Eastern Canada, New York state and New England should all have adequate electricity supplies this summer, according to a set of comprehensive reliability assessments unveiled by the Northeast Power Coordinating Council (NPCC) last week, although the NPCC did raise a red flag related to New York’s ability to handle periods of extreme demand for power. The NPCC said that New York state, as a whole, should have an adequate supply of electricity, but warned that the state could require significant amounts of electricity to be imported during peak demand periods. The council said that reliability in the state would be enhanced by reducing dependence upon external resources with more installed generation within New York. NPCC’s summer outlook for New England is more favorable. The council said that several new power plants have come online in the region since last summer and additional capacity, sufficient to meet the needs of a million homes, is scheduled to become available by June. This additional capacity will offer increased reserves and a higher reliability than past summers. Turning to Canada, the NPCC said that Quebec and the Maritime Provinces, which experience their highest electricity demand in the winter, are expected to have ample resources throughout this summer.
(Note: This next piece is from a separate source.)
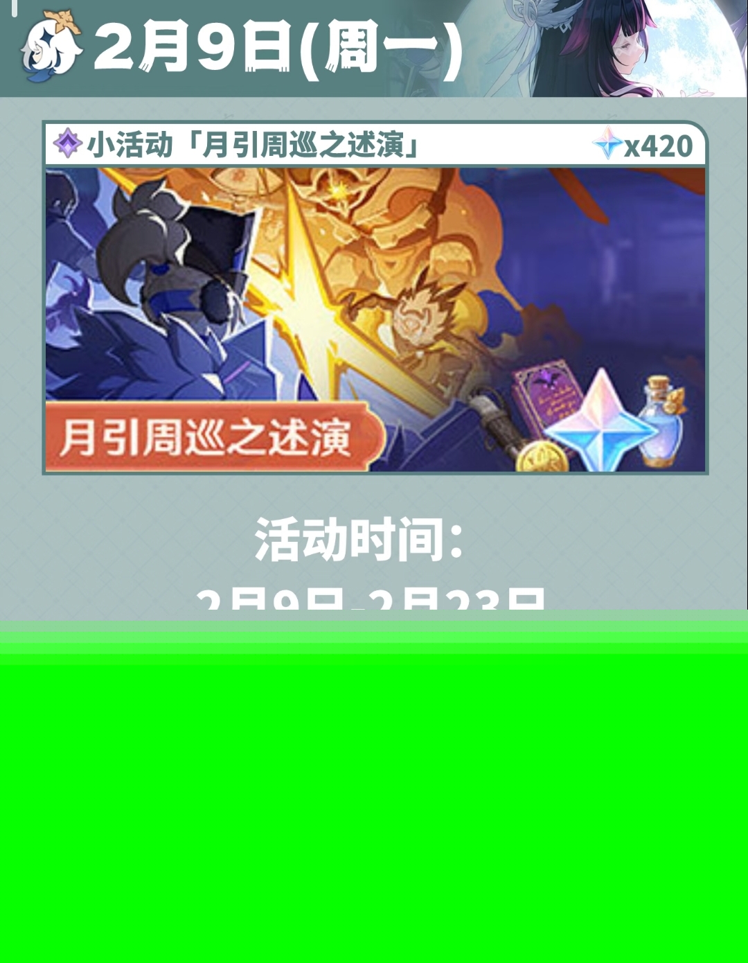 2月9日(周一)小活动 [月引周巡之述演] 420原石
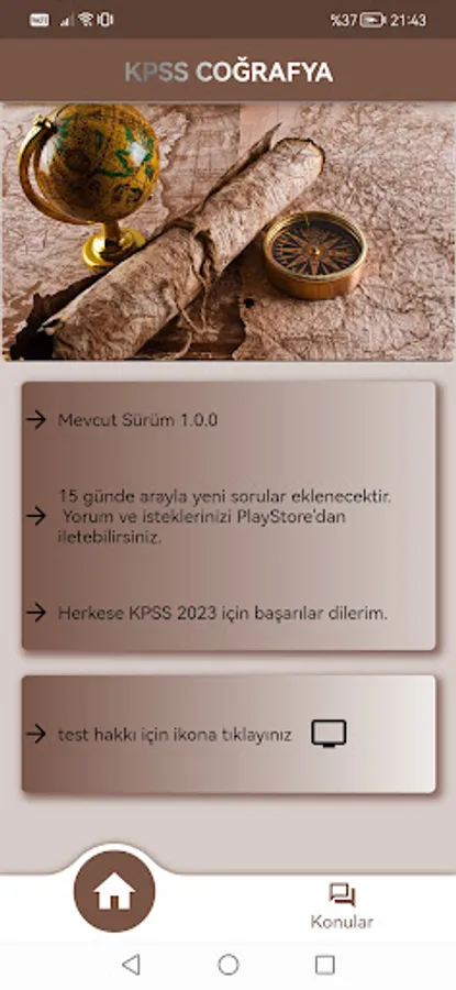 Our application, which has questions and questions for kPSS geography, is divided into questions in full KPSS consistency, pile and easy. Updates will be made every 15 days until KPSS. You can send us your suggestions and opinions via play store.

For Ontario, resources and operating reserves are sufficient to meet their expected demand in the summer months.
Idaho Power last week received the go-ahead from state regulators to immediately start recovering $168.3 million of the $227.4 million requested by the utility in its annual power cost adjustment. But any decision related to the remaining $59.1 million of Idaho Power’s request won’t come until after the Idaho Public Utilities Commission (IPUC) completes an investigation into several areas, including the activities of the utility’s non-regulated trading arm. Of the $168.3 million approved by the IPUC, $126.2 million is for excess power supply costs Idaho Power incurred over the past year. The remainder is anticipated costs the company expects to incur from purchasing power over the next 12 months. Those estimates are based, in part, on expected Snake River stream flows and storage and on anticipated wholesale power costs over the next year. The rate increase took effect last Tuesday, as requested by Idaho Power.